▸ **Work to complete**
Write again exactly the lines in the listing below, starting at the line with "PANTALON STRETCH CANTON" and ending at the line with "9月13日,拜仁慕尼黑队球员", both included. Pictures are not copied.

▸ **Dataset extract**

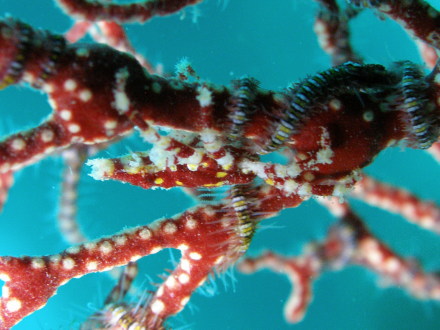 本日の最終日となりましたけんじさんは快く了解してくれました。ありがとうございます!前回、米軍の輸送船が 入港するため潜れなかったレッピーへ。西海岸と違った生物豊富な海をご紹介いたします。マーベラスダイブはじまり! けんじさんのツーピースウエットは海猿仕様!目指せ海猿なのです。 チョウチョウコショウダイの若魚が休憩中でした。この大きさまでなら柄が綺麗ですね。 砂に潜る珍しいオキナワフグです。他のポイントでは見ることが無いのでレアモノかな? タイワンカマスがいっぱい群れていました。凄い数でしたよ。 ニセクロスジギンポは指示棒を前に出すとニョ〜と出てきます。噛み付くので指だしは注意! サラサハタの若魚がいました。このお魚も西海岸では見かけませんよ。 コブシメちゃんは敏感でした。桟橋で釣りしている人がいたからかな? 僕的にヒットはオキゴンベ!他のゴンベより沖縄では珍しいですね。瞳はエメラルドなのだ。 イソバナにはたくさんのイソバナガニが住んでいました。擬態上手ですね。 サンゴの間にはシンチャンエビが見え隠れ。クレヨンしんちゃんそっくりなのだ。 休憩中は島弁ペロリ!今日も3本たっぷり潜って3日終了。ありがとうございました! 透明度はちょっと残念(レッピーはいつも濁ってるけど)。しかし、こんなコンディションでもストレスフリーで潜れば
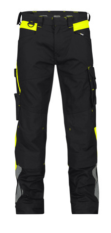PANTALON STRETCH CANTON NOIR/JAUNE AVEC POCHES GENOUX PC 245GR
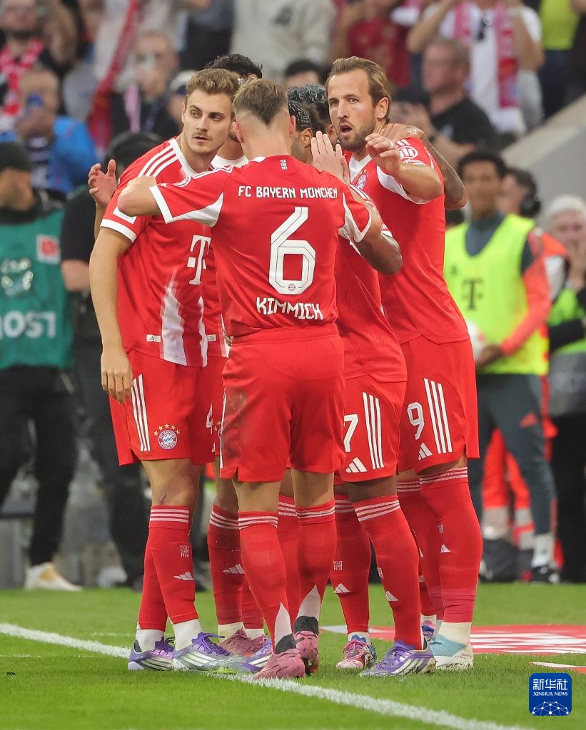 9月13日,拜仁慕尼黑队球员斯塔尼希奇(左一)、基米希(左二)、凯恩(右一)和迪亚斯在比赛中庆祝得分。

* * *

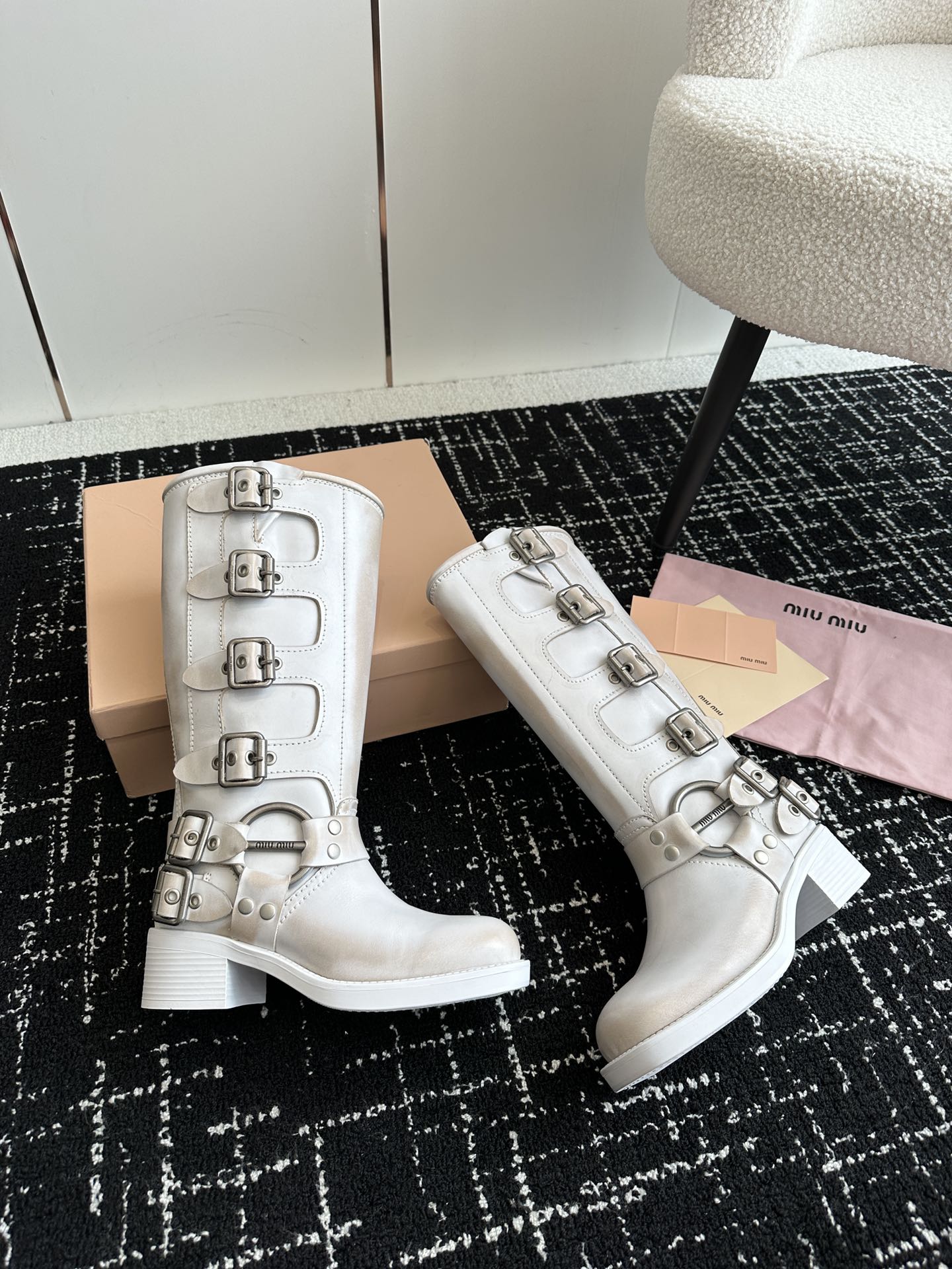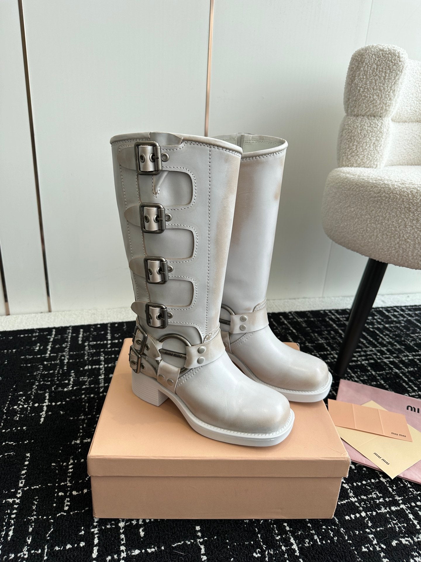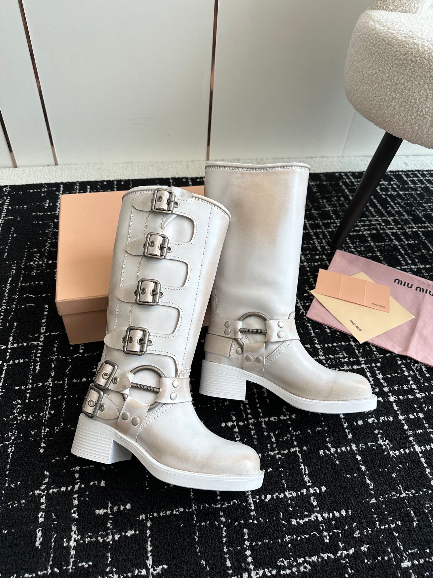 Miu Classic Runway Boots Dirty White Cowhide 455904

▸ **Reply to the exercise**
PANTALON STRETCH CANTON NOIR/JAUNE AVEC POCHES GENOUX PC 245GR
 9月13日,拜仁慕尼黑队球员斯塔尼希奇(左一)、基米希(左二)、凯恩(右一)和迪亚斯在比赛中庆祝得分。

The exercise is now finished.